You are viewing a plain text version of this content. The canonical link for it is here.
Posted to commits@systemds.apache.org by ja...@apache.org on 2021/05/13 11:41:01 UTC
[systemds] branch master updated: [SYSTEMDS-2870][DOC] Builtin
Decision Tree (#1272)
This is an automated email from the ASF dual-hosted git repository.
janardhan pushed a commit to branch master
in repository https://gitbox.apache.org/repos/asf/systemds.git
The following commit(s) were added to refs/heads/master by this push:
new dadc154 [SYSTEMDS-2870][DOC] Builtin Decision Tree (#1272)

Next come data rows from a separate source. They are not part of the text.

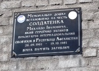На здании Мерефянской школы № 1 (ул. Савченко, 25) установлена памятная доска земляку-интернационалисту Солжатенко М.И.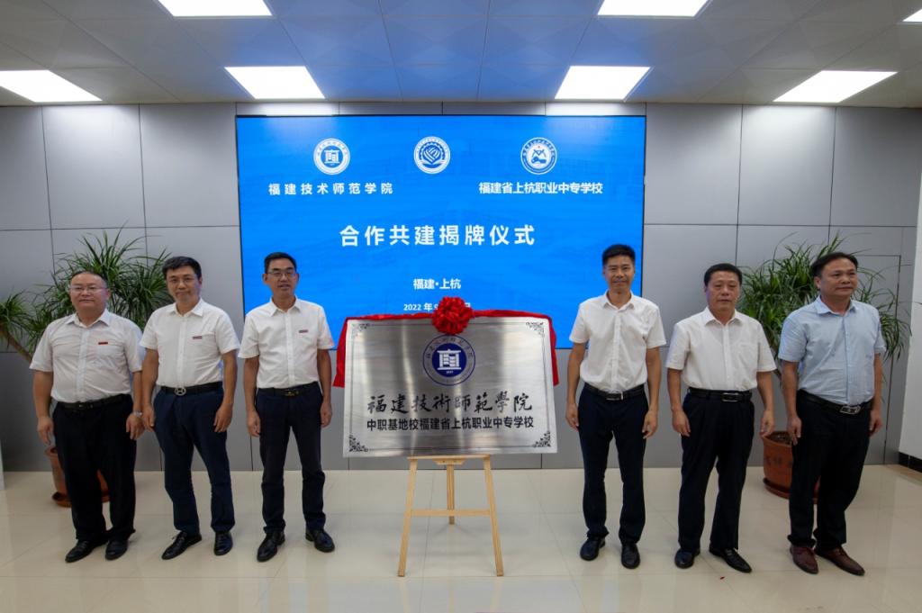 领导共同为中职基地校福建省上杭职业中专学校揭牌。
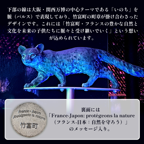 下部の線は大阪・関西万博の中心テーマである「いのち」を脈(パルス)で表現しており、竹富町の町章が掛け合わさったデザインです。これには「竹富町・フランスの豊かな自然と文化を未来の子供たちに脈々と受け継いでいく」という想いが込められています。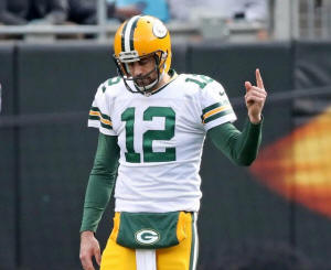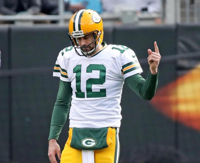 Packers quarterback Aaron Rodgers (12) reacts after throwing an
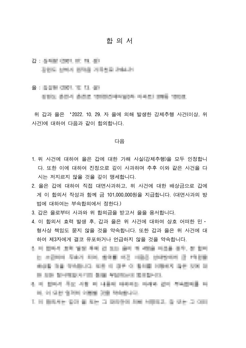 사과하고 합의금 1억원을 지급하는 것으로 양측이 모두 만족할 만한 합의를 이끌어냈습니다.
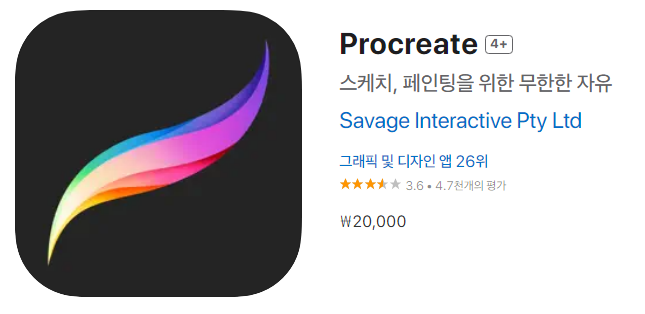 성능은 어도비 포토샵과 비교해도 전혀 뒤쳐지지 않을 정도로 스펙이 매우 좋은 그리기 어플 중 하나입니다. 평점도 4.4점 정도로 높은 편이며 그래픽 및 디자인 앱에서 8위를 기록했습니다.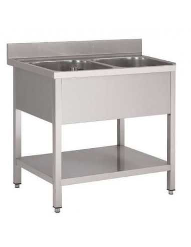 Plonge sur pieds 1400x700 Cuve 600x500x300mm 2 Bacs Sans égouttoir Etagère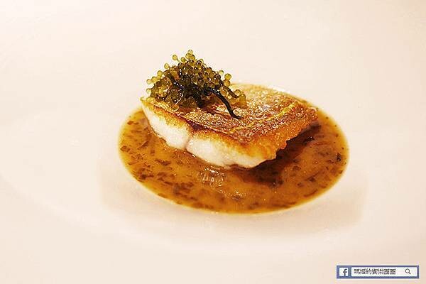 四面環海的台灣最不缺的便是海鮮了,主廚也針對當地的食材充份運用,把這道金線蓮的魚料理,表皮香煎出酥脆口感,加上魚肉本身較細緻,再搭配主廚用昆布及柴魚和奶油去熬煮出香濃入味的醬汁,最上面再用海葡萄做裝飾,是鮮味十足的一道魚料理。
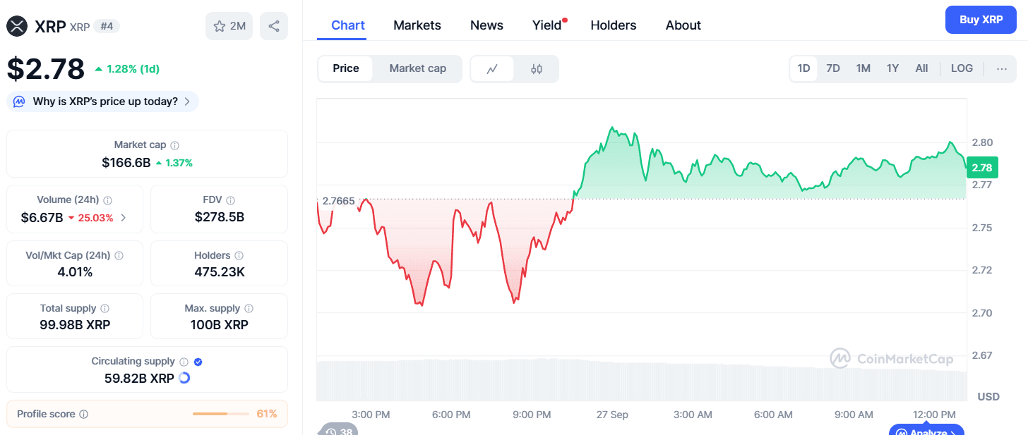 XRP was created by Ripple Labs in 2012 to improve cross-border payments. In its XRP Ledger operation, it takes three to five seconds to settle. XRP is listed on the market at $2.78 at a market cap of $166.6 billion. The initial amount of supply is 59.77 billion out of 100 billion. The daily trading is $6.67 billion. Analysts point out its synergies with banks and payment networks as a strength. Compared to other decentralized tokens, XRP is institutional-friendly, which makes it an independent participant in the international payment industry.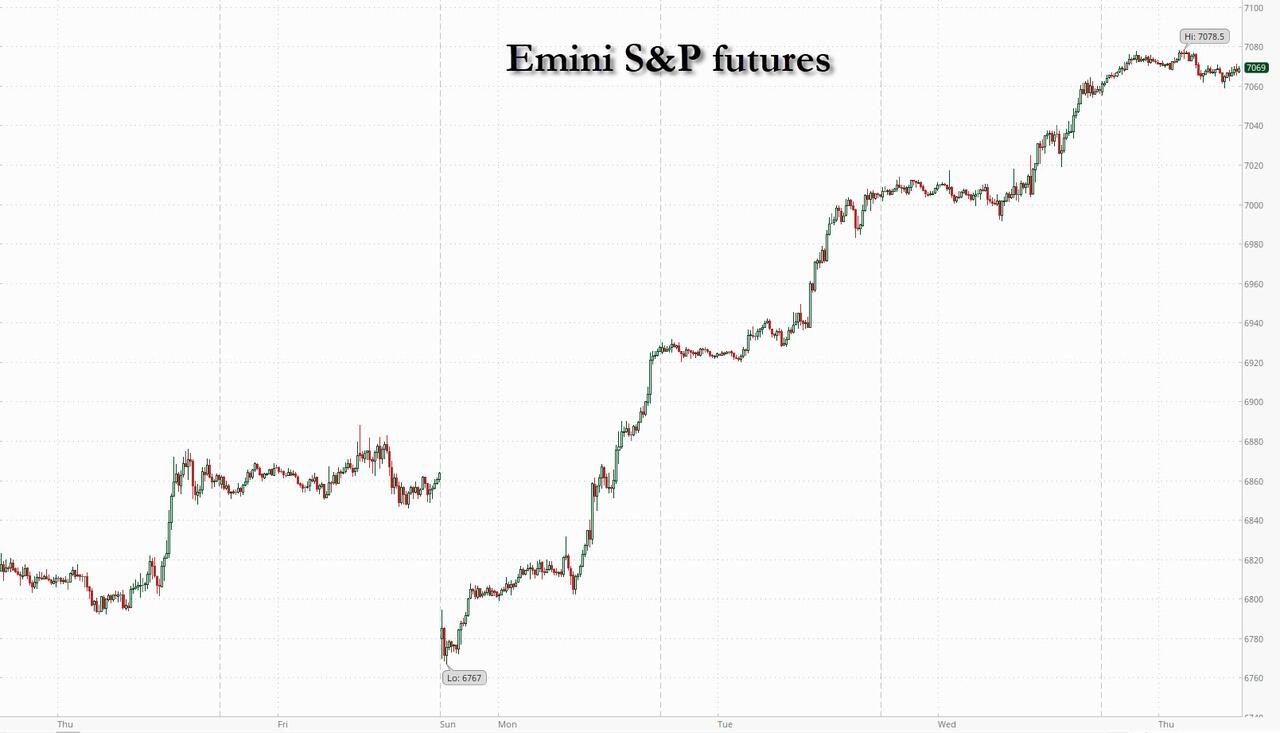 “The Roaring 2020s Are Back”: S&P Futures Hit New Record With Nasdaq Up 12 Straight Days On Iran Truce Optimism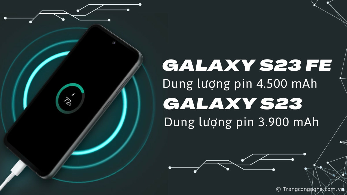- S23 FE đi kèm viên pin lớn hơn: dung lượng 4500 mAh so với 3900 mAh trên S23.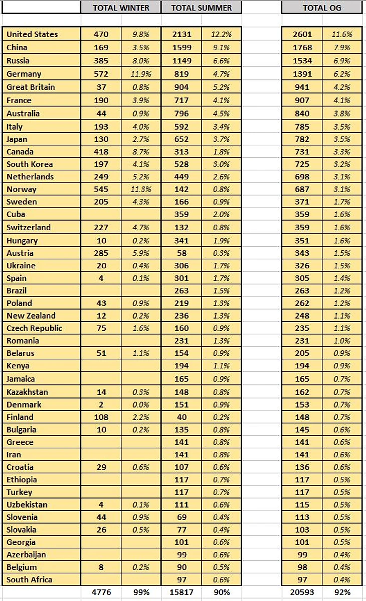 У Китая наоборот плюс 5,6% в пользу лета, у UK 4,4%. Австралии 3,6%, ну и единственная из топ-20 стран кто все медали взял только летом - это конечно Куба, сложно представить где они могли бы побороться зимой - у них соответственно +2%.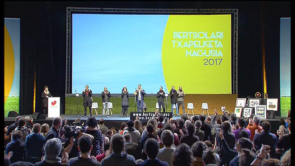Los bertsolaris son recibidos en pie y con una ovación cerrada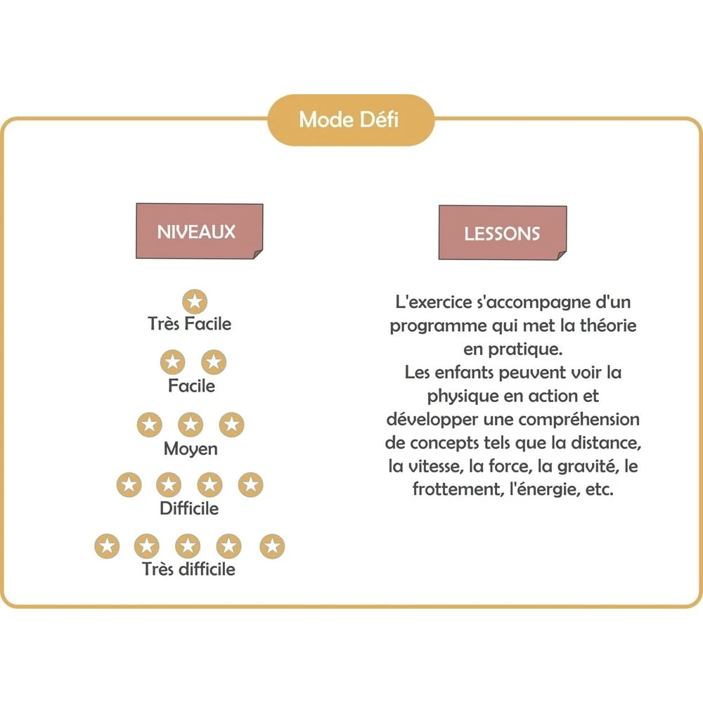 Les enfants peuvent voir la physique en action et développer une compréhension de concepts tels que la distance, la vitesse, la force, la gravité, le frottement, l’énergie, etc.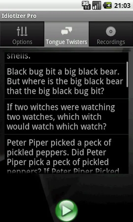 Finally a list of tongue twisters it’s also included for those who do not know what to say once they begin to be idiotic.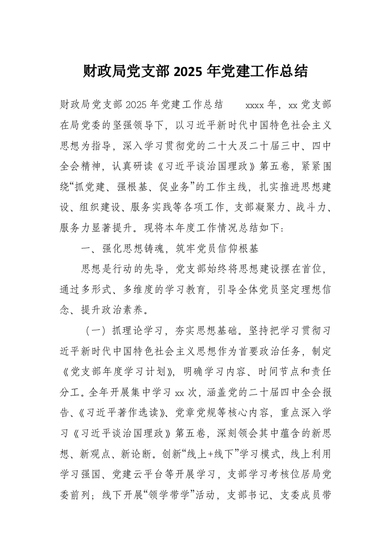 首页讲课讲稿财政局党支部2025年党建工作总结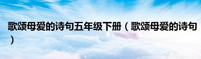 关于歌颂母爱的诗句五年级下册,歌颂母爱的诗句这个很多人还不知道,今天菲菲来为大家解答以上的问题,现在让我们一起来看看吧!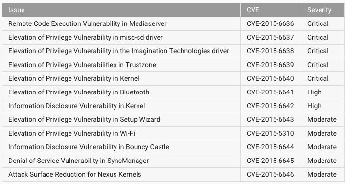 ・Nexus Security Bulletin - January 2016 | Android Open Source Project

dadc154 is described below
commit dadc15453d0de8956a1ac3097c2d47ae1f0547d2
Author: Janardhan Pulivarthi <j1...@protonmail.com>
AuthorDate: Thu May 13 17:10:51 2021 +0530
[SYSTEMDS-2870][DOC] Builtin Decision Tree (#1272)
Reference commit: 44e42945
---
docs/site/builtins-reference.md | 47 +++++++++++++++++++++++++++++++++++++++++
1 file changed, 47 insertions(+)
diff --git a/docs/site/builtins-reference.md b/docs/site/builtins-reference.md
index bb8bb93..9ad2d72 100644
--- a/docs/site/builtins-reference.md
+++ b/docs/site/builtins-reference.md
@@ -33,6 +33,7 @@ limitations under the License.
* [`csplineDS`-Function](#csplineDS-function)
* [`cvlm`-Function](#cvlm-function)
* [`DBSCAN`-Function](#DBSCAN-function)
+ * [`decisionTree`-Function](#decisiontree-function)
* [`discoverFD`-Function](#discoverFD-function)
* [`dist`-Function](#dist-function)
* [`dmv`-Function](#dmv-function)
@@ -374,6 +375,52 @@ X = rand(rows=1780, cols=180, min=1, max=20)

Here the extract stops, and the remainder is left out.